| name | markdown-consolidator |
| description | Intelligent consolidation and synthesis of multiple markdown files with overlapping content and different update dates. Use when: (1) Multiple AI-generated markdown files need merging, (2) Knowledge bases have fragmented or duplicate content, (3) Documentation requires recency-aware synthesis, (4) Supporting documents need re-synthesis after AI task completion, (5) Project documentation has semantic overlap across files, (6) Periodic knowledge base maintenance and deduplication is needed. |
Markdown Consolidator
Consolidate and synthesize multiple markdown files with intelligent handling of overlapping content, different update dates, and semantic deduplication.
Core Problem
AI-assisted workflows generate fragmented documentation:
- Each AI session creates task-specific markdown files
- AI references supporting docs but doesn't update them post-task
- Knowledge becomes scattered across files with overlapping content
- Different timestamps make version reconciliation complex
Workflow Overview
1. ANALYZE → Inventory files, extract metadata, identify relationships
2. CLUSTER → Group semantically related files using content analysis
3. PLAN → Create merge strategy based on recency, overlap, authority
4. SYNTHESIZE → Merge content with intelligent conflict resolution
5. VALIDATE → Verify completeness and coherence of output
Analysis Phase
Step 1: File Inventory
Run the inventory script to analyze all markdown files:
python scripts/inventory.py <directory> --output inventory.json
The script extracts:
- File paths and sizes
- Modification timestamps (file system and YAML frontmatter)
- Section headers (H1-H6 structure)
- Word/token counts per section
- Internal links (
[[wikilinks]]and[markdown](links)) - YAML frontmatter metadata
- Content fingerprints for similarity detection
Step 2: Relationship Mapping
python scripts/analyze_relationships.py inventory.json --output relationships.json
Identifies:
- Semantic clusters: Files covering similar topics (via TF-IDF/embedding similarity)
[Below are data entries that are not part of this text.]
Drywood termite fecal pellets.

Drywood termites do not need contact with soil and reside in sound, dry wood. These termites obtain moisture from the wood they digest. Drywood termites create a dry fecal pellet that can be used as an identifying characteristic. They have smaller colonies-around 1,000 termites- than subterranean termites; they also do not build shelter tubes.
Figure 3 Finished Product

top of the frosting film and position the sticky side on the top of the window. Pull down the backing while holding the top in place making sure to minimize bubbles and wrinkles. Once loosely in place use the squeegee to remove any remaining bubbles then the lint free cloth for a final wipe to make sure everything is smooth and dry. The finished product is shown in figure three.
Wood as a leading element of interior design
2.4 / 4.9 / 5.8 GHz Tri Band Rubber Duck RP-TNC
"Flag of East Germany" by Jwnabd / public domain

- Temporal chains: Files that evolved from each other (via timestamp + similarity)
- Reference graphs: Which files reference which (via link analysis)
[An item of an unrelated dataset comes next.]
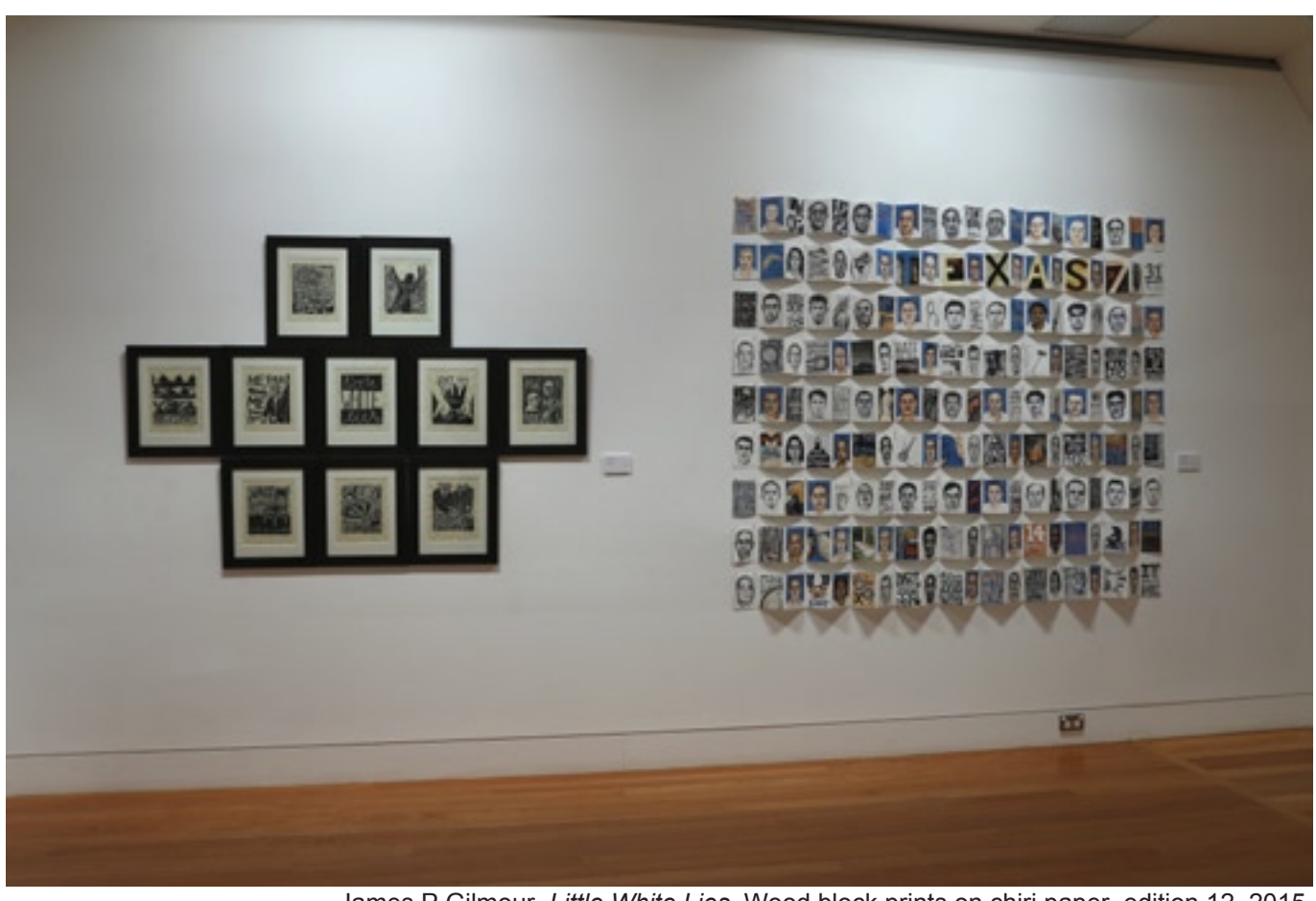
James P Gilmour, Little White Lies, Wood block prints on chiri paper, edition 12, 2015

- Conflict zones: Sections with contradictory or overlapping content
Clustering Phase
Clustering Strategies
Choose based on your consolidation goal:
Topic-based clustering (default) Groups files by semantic similarity of content.
python scripts/cluster.py relationships.json --method topic --threshold 0.6
Temporal clustering Groups files by modification date ranges.
python scripts/cluster.py relationships.json --method temporal --window 7d
Hierarchical clustering Groups by directory structure + content similarity.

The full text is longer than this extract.